Highly Commended (£30), Bruce Meyer for his story, SADNESS.
Bruce Meyer is author or editor of more than sixty books of poetry, short fiction, non-fiction, flash fiction, and literary journalism. His forthcoming books include McLuhan’s Canary (poetry, 2019) and Down in the Ground (flash fiction, 2020). He was a finalist for the Tom Gallon Fiction Prize in 2019. He lives in Barrie, Ontario, Canada.
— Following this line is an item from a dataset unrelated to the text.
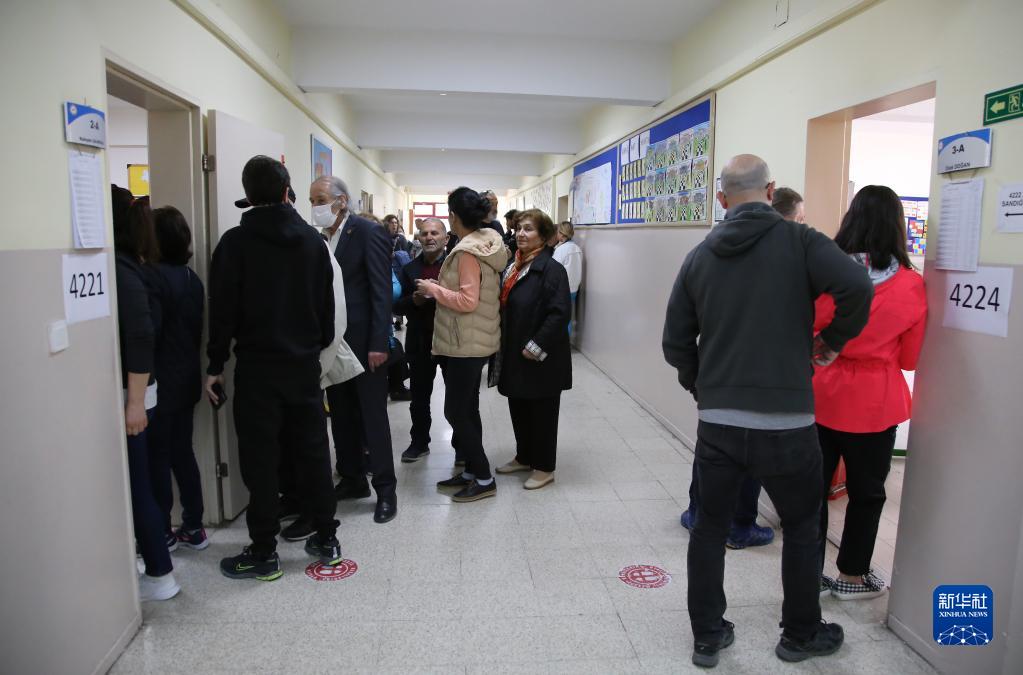 5月14日,在土耳其安卡拉,民眾在一處投票站等候參加投票。

The Local prize and £50 in book vouchers from Mr B’s Emporium of Books, Bath, goes to Tannith Perry for her story, BREAST PLUCKER.

Tannith Perry

Tannith Perry is an American living in Bristol. She has lived in all kinds of places including West Africa, New York City and Sidmouth, England. She has worked as a freelance writer, a non-profit community organiser and sold haircuts on the streets of New York City. She currently teaches ballroom dancing. Several of her stories have been shortlisted and published, including in the Bristol Short Story Prize and Gem Street International Short Story Competition. Her novel is currently represented by Lutyens & Rubinstein.

The Acorn Award for an Unpublished Writer of Fiction (£100) goes to Lucy Emma for her story, JUNGLE. Lucy Emma is a writer and a practising doctor. Her stories have previously been shortlisted for the Fish Prize and the Fiction Desk Prize, and highly commended for the Manchester Fiction Prize. She has a completed draft of one novel and is currently working on another. She lives in East London where she was born and raised. Occasional tweets @lucy_emma13.